OAKLAND -- The town's first attempt at posting a council meeting on the Internet seems to be successful, Town Manager Peter Nielsen said.

More than 60 people watched at least part of the meeting.

The council will decide next whether it wants to spend the money to buy a camera and post all future meetings on the Web for public review.

If the town moves forward with the effort, it will be part of a small but growing minority, according to Maine Municipal Association spokesman Eric Conrad, who estimated that fewer than 100 of Maine's 492 municipalities make their meetings available online.

The council has been exploring ways to make video of its meetings available to the public since July, when 362 citizens filed a petition asking that the town broadcast its meetings to improve transparency.

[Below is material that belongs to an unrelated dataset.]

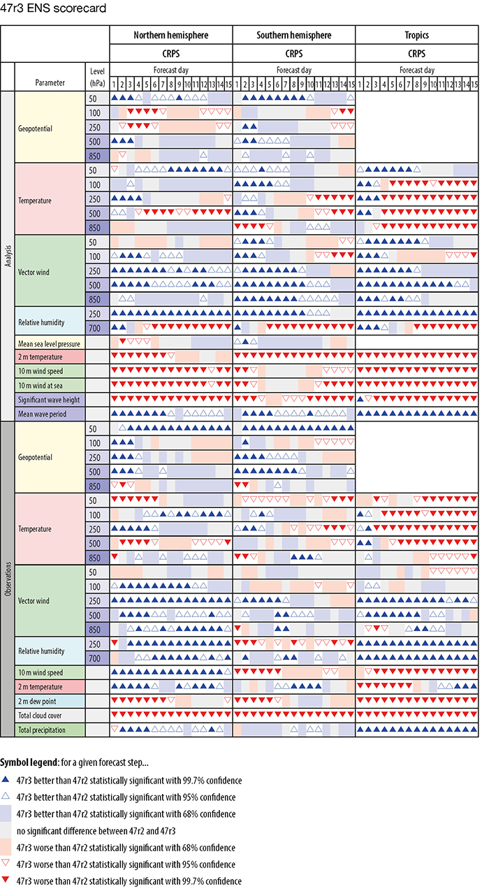 Figures 3 and 4 show medium-range scorecards for Cycle 47r3 relative to own analysis and observations, for the HRES and ENS, respectively (interactive scorecards are available from the 47r3 implementation web page: https://confluence.ecmwf.int/display/FCST/Implementation+of+IFS+Cycle+47r3). There are many positive impacts of the Cycle, particularly on upper-air scores and tropical cyclone tracks. There are also some deteriorations, and both are discussed below.

During the council's Dec. 26 meeting, Messalonskee High School student Bradley Bickford used a camera on loan from the school to record the proceedings.

In order to judge the audio and video quality, the meeting was posted on YouTube, a video-hosting website. The audio quality was questionable, Nielsen said, but could be improved by repositioning the microphone and boosting the volume.

To avoid having a single long video, the meeting is broken up into three different sections. The first section, accessible through a link on the town website, has been viewed 63 times, according to statistics posted on the site.

The numbers of people who viewed parts two and three are 19 and 15, respectively, suggesting that as many as 15 people watched the meeting in its entirety.

Nielsen said an audience of any size is better than no audience at all.

"It's an improvement over nothing," he said.

Nielsen said he has received emails from three residents who were pleased to see the council making the effort. Two of them mentioned the poor audio quality, he said.

The town can buy a camera like the one used in the experiment for several hundred dollars, according to Nielsen. That's significantly less expensive than broadcasting meetings through Time Warner Cable, which Nielsen said would cost more than $10,000 in startup equipment alone.

Councilman Byron Wrigley said he doesn't feel strongly about recording meetings on video one way or another.

"It would be fine with me whichever way the council feels they want to go," he said.

The issue is on the agenda of the council's Jan. 23 meeting.